Oh yeah, sometimes that's how it feels in the UP . . . especially in Ahmeek.
It wasn't long before I passed the USS Kearsarge Monument
The Civil War ship, the USS Kearsarge plays a key role in the rich history of the Copper Country. Kearsarge, Michigan located in the northernmost part of Michigan is home to a giant brick replica of a Civil War ship, the USS Kearsarge.
The closer I got to Copper Harbor the more cabins there were along the side of the road. Here was a nice little set up less than 100 feet from the lake!
Speaking of 'cutesy', where did these three musketeers come from???
I passed through Eagle River and then rode through the picturesque little village of Eagle Harbor . . . I was getting hungry!!!
The road became very narrow with no shoulder, but the drivers, mostly tourists, were in no hurry and gave a bike rider a wide berth.
Soon I came upon Jacob's Falls, a pretty little waterfall, and only a couple of hundred feet down the road was the . . .
. . . Jampot Bakery.
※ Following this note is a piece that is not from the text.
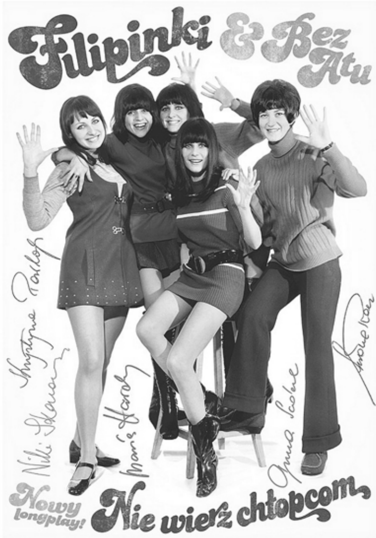
Vuonna 1959 perustettu puolalainen lauluyhtye Filipinki vuonna 1970 julkaistussa yhdessä Bez Atun kanssa tehtyä ”Nie wierz chłopcom” -levyä mainostavassa postikortissa.

Time to stop. Soon Glenn, Dave and TommyG showed up too!!
The Jampot sold its first jar of Poorrock Abbey preserves, made from wild berries picked near the shop, in 1986. Since that time, they have been selling the wild berry preserves and other gourmet jams and jellies to customers from around the world. As the years progressed, the brothers added fruitcakes, muffins and cookies, hand made chocolates and of course specialty grade coffees.
Oh yea, the bathroom is 1.6 miles down the road!!
Here the boys have their money out and are ready to get some of the yummy bakery goodies.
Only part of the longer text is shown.